In the records below, find the line with "安儿乐小轻芯纸尿裤安儿乐拉拉裤超薄透气婴儿尿片尿不湿轻薄NB码", then copy each line exactly until you have copied the line with "Альбом оснащён 10". Leave any picture out.
━━━━━ Material shown ━━━━━
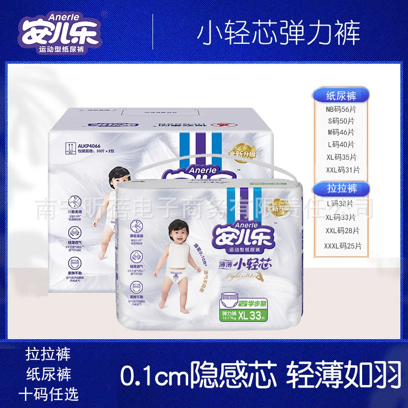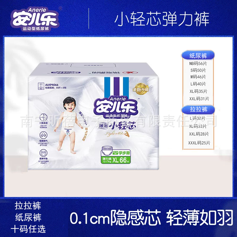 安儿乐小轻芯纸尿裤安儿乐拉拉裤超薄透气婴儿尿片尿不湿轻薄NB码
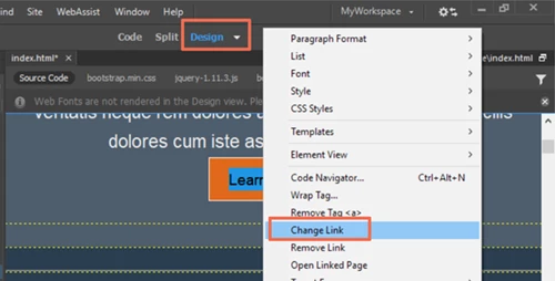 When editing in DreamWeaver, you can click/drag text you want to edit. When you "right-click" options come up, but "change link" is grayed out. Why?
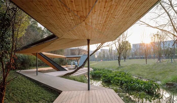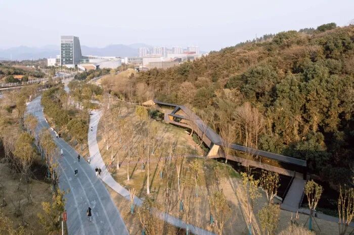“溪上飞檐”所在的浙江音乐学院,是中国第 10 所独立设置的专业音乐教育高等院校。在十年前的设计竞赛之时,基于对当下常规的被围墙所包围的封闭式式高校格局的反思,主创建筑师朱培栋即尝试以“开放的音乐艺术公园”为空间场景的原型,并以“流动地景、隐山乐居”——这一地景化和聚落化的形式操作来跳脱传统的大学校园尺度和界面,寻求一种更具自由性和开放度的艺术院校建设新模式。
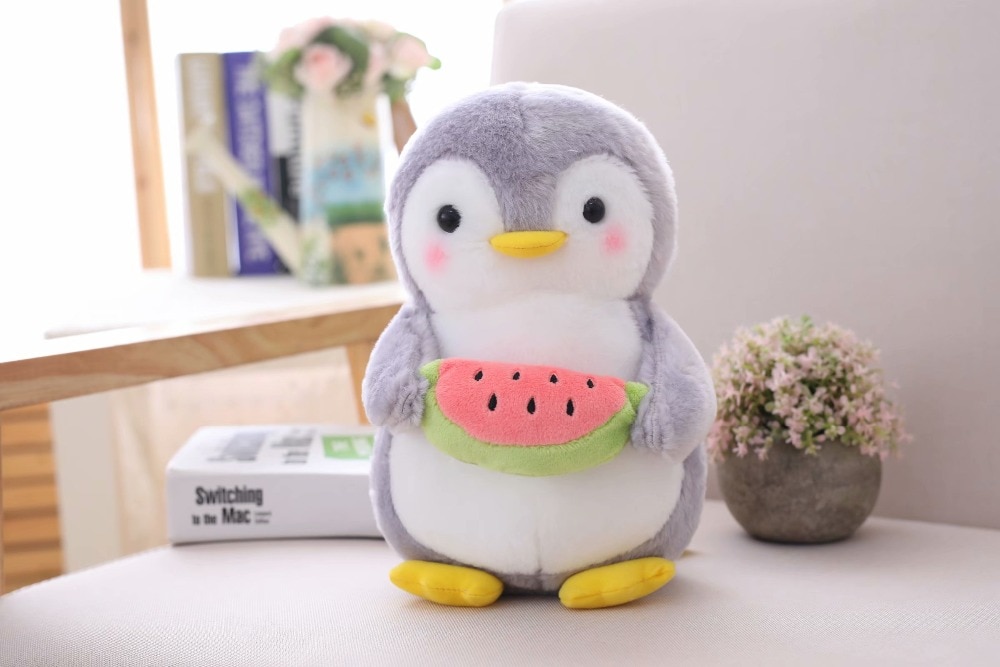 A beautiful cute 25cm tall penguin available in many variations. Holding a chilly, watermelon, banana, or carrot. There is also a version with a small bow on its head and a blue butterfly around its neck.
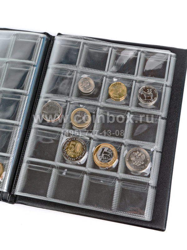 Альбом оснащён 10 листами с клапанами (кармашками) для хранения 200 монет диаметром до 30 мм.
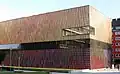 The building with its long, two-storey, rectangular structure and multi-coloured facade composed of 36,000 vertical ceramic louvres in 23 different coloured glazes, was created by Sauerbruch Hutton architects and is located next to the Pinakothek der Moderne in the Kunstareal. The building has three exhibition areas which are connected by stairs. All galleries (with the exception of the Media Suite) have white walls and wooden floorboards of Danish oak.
━━━━━
━━━━━ Material shown ━━━━━
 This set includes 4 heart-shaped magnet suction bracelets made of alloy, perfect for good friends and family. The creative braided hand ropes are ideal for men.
━━━━━
> _Solution to this exercise_:
 安儿乐小轻芯纸尿裤安儿乐拉拉裤超薄透气婴儿尿片尿不湿轻薄NB码
 When editing in DreamWeaver, you can click/drag text you want to edit. When you "right-click" options come up, but "change link" is grayed out. Why?
“溪上飞檐”所在的浙江音乐学院,是中国第 10 所独立设置的专业音乐教育高等院校。在十年前的设计竞赛之时,基于对当下常规的被围墙所包围的封闭式式高校格局的反思,主创建筑师朱培栋即尝试以“开放的音乐艺术公园”为空间场景的原型,并以“流动地景、隐山乐居”——这一地景化和聚落化的形式操作来跳脱传统的大学校园尺度和界面,寻求一种更具自由性和开放度的艺术院校建设新模式。
 A beautiful cute 25cm tall penguin available in many variations. Holding a chilly, watermelon, banana, or carrot. There is also a version with a small bow on its head and a blue butterfly around its neck.
 Альбом оснащён 10 листами с клапанами (кармашками) для хранения 200 монет диаметром до 30 мм.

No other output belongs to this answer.